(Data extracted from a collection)
_ _ _

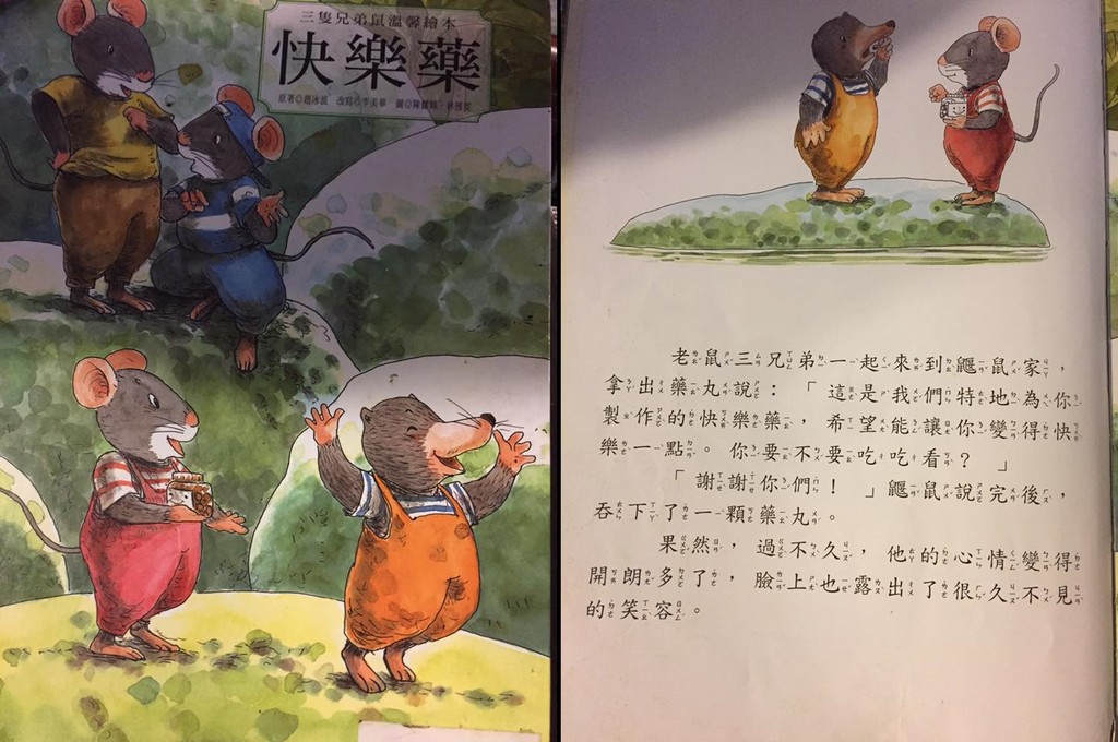 有的繪本在純真的孩子眼裡十分溫馨,但對早已「回不去」的大人來說,可能會有「歪掉」的解讀。歌手閻韋伶在臉書PO出童書《快樂藥》的部分內容,描述老鼠三兄弟特製了「快樂藥」,讓原本心情不好的鼴鼠吃了以後開朗許多,感人故事卻讓許多網友笑說「這樣合法嗎?」
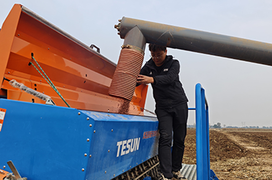 在故城县饶阳店镇薛官屯村的麦田里,种粮大户郎同尚正俯身查看刚翻整过的土壤,身后一台新型小麦精量播种机匀速前行,一次性完成开沟、施肥、播种、覆土等多道工序。田垄间,三五名农民紧随播种机后,不时弯腰检查播种的深度与密度,确保每一粒种子都能精准入土。“趁着这几天天气好,我们正抢抓农时加紧播种,早一天心里就多一分底气。”郎同尚抓起一把泥土轻轻一捏,继续说道,“县里的农技专家昨天刚来指导过,建议我们适当增加播种量,采用浅播技术。眼下地温偏低,按照技术规范,我们把播深控制在3厘米左右,这样更有利于出苗。”
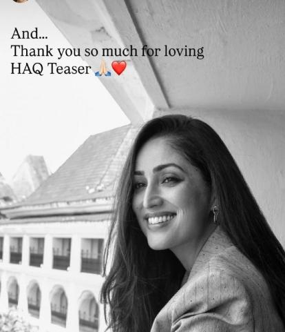 Sharing a monochrome picture of her, she wrote, "And...Thank you so much for loving HAQ Teaser ����❤️" With Haq, the actress once again takes center stage, and the teaser already reflects a performance filled with powerful words and unmatched intensity. Many are calling it a National Award–worthy performance in the making, praising Yami for the way she brings depth and conviction to her role.
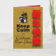Popular "Keep calm" with a royal Ram + large vertical red greetings in Chinese onto a golden background (printed image of textured paper). Design on vertical greeting card with red background inside of the card. Perfect for Chinese New Year of the Goat, Ram or Sheep Year with an occidental accent.
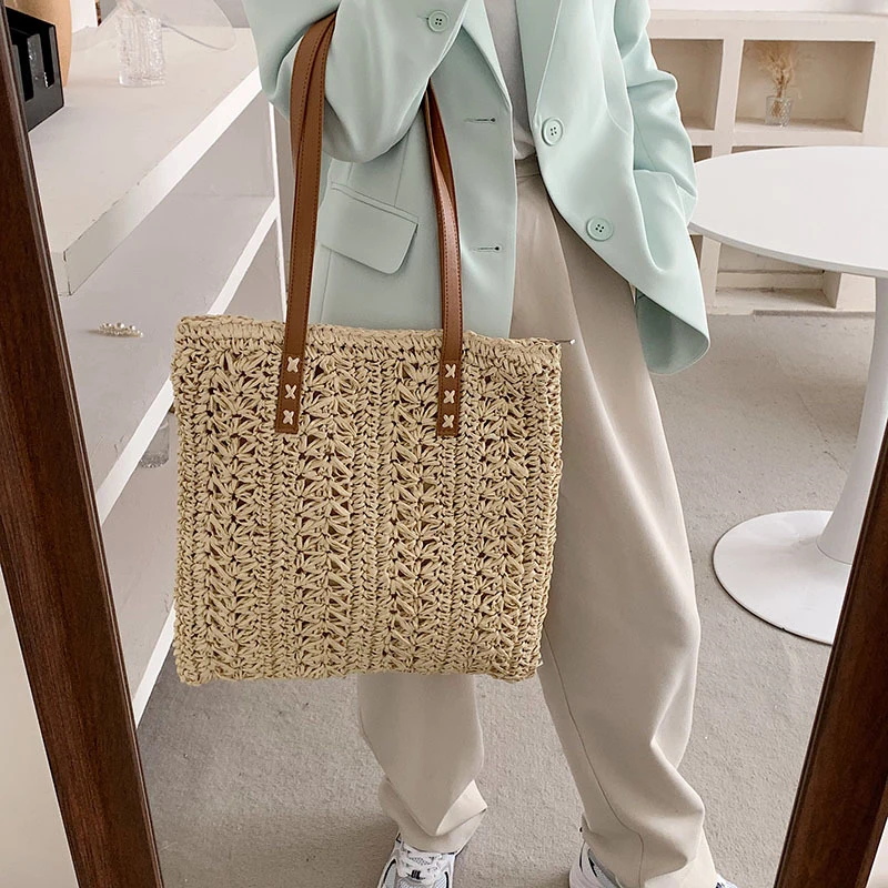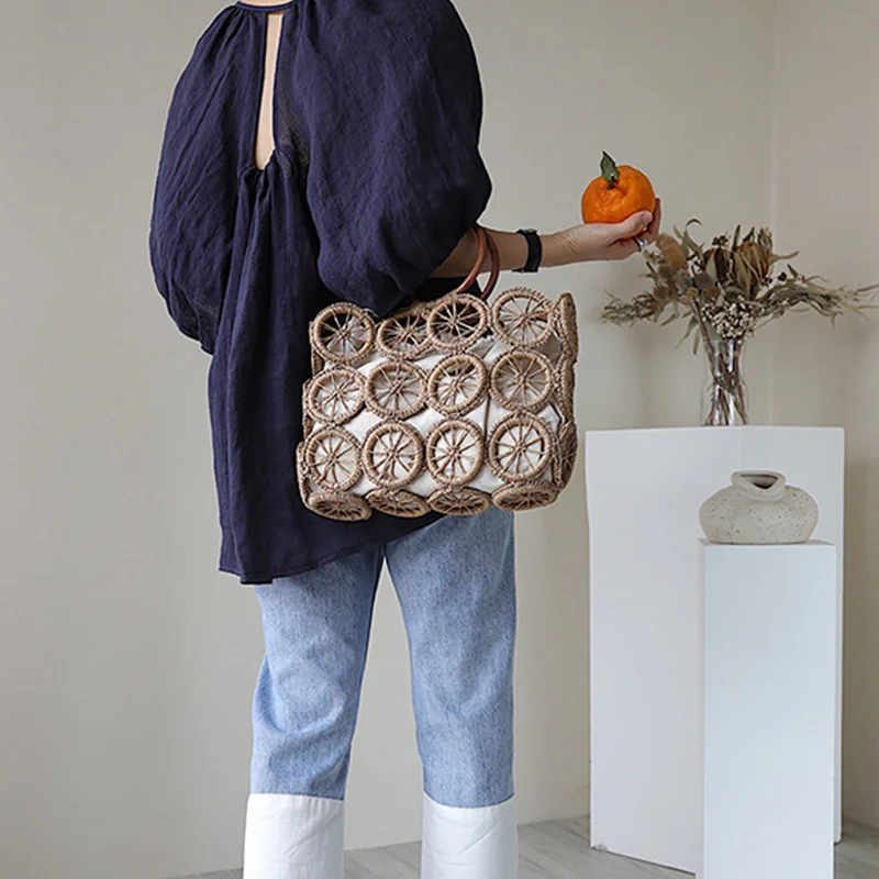 Пляжная соломенная сумка ручной работы, квадратная Ажурная сумочка ...
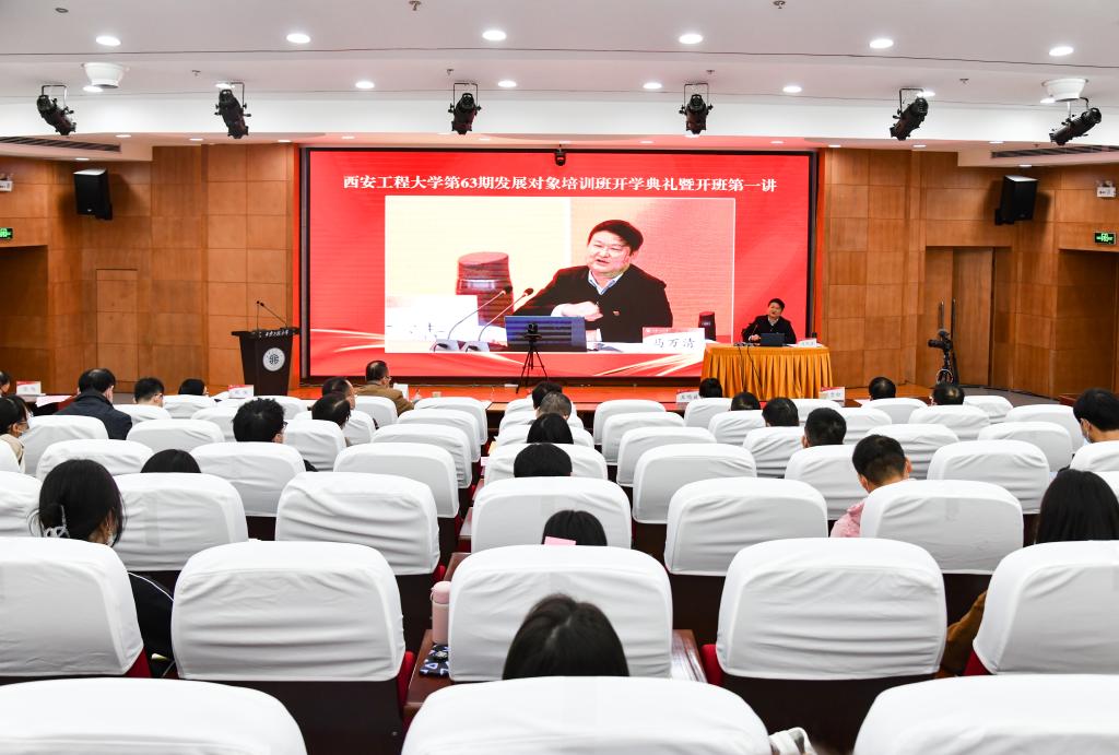 在全党上下学习贯彻党的二十大精神之际,开云官网第63期发展对象培训班开学典礼暨开班第一讲于2022年11月14日下午在临潼校区图书馆一楼报告厅隆重举行。校党委书记、党校校长马万清出席开学典礼并做开班第一讲,校党委理论学习中心组成员、党群部门负责人、院(部)级党组织书记、副书记、组织员、党支部书记和党员发展对象共900余人分别以线上线下方式参加了开学典礼和开班第一讲。典礼由开云kaiyun官网党委书记阚佩主持。按照近期疫情防控要求,本次开学典礼在党政办、宣传部、网信处和教务处的协同配合下,在临潼和金花两校区智慧教室和党团活动室同步进行网络直播。
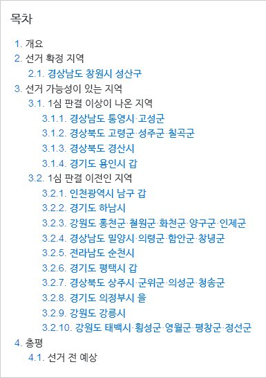 | Link #1 | https://namu.wiki/w/2019%EB%85%84%20%EC%9E%AC%EB%B3%B4%EA%B6%90%EC%84%A0%EA%B1%B0 |

_ _ _

# Task requirements
An exact copy of all the entries is required, and it must contain no pictures.

# Exercise output
 有的繪本在純真的孩子眼裡十分溫馨,但對早已「回不去」的大人來說,可能會有「歪掉」的解讀。歌手閻韋伶在臉書PO出童書《快樂藥》的部分內容,描述老鼠三兄弟特製了「快樂藥」,讓原本心情不好的鼴鼠吃了以後開朗許多,感人故事卻讓許多網友笑說「這樣合法嗎?」
 在故城县饶阳店镇薛官屯村的麦田里,种粮大户郎同尚正俯身查看刚翻整过的土壤,身后一台新型小麦精量播种机匀速前行,一次性完成开沟、施肥、播种、覆土等多道工序。田垄间,三五名农民紧随播种机后,不时弯腰检查播种的深度与密度,确保每一粒种子都能精准入土。“趁着这几天天气好,我们正抢抓农时加紧播种,早一天心里就多一分底气。”郎同尚抓起一把泥土轻轻一捏,继续说道,“县里的农技专家昨天刚来指导过,建议我们适当增加播种量,采用浅播技术。眼下地温偏低,按照技术规范,我们把播深控制在3厘米左右,这样更有利于出苗。”
 Sharing a monochrome picture of her, she wrote, "And...Thank you so much for loving HAQ Teaser ����❤️" With Haq, the actress once again takes center stage, and the teaser already reflects a performance filled with powerful words and unmatched intensity. Many are calling it a National Award–worthy performance in the making, praising Yami for the way she brings depth and conviction to her role.
Popular "Keep calm" with a royal Ram + large vertical red greetings in Chinese onto a golden background (printed image of textured paper). Design on vertical greeting card with red background inside of the card. Perfect for Chinese New Year of the Goat, Ram or Sheep Year with an occidental accent.
 Пляжная соломенная сумка ручной работы, квадратная Ажурная сумочка ...
 在全党上下学习贯彻党的二十大精神之际,开云官网第63期发展对象培训班开学典礼暨开班第一讲于2022年11月14日下午在临潼校区图书馆一楼报告厅隆重举行。校党委书记、党校校长马万清出席开学典礼并做开班第一讲,校党委理论学习中心组成员、党群部门负责人、院(部)级党组织书记、副书记、组织员、党支部书记和党员发展对象共900余人分别以线上线下方式参加了开学典礼和开班第一讲。典礼由开云kaiyun官网党委书记阚佩主持。按照近期疫情防控要求,本次开学典礼在党政办、宣传部、网信处和教务处的协同配合下,在临潼和金花两校区智慧教室和党团活动室同步进行网络直播。
 | Link #1 | https://namu.wiki/w/2019%EB%85%84%20%EC%9E%AC%EB%B3%B4%EA%B6%90%EC%84%A0%EA%B1%B0 |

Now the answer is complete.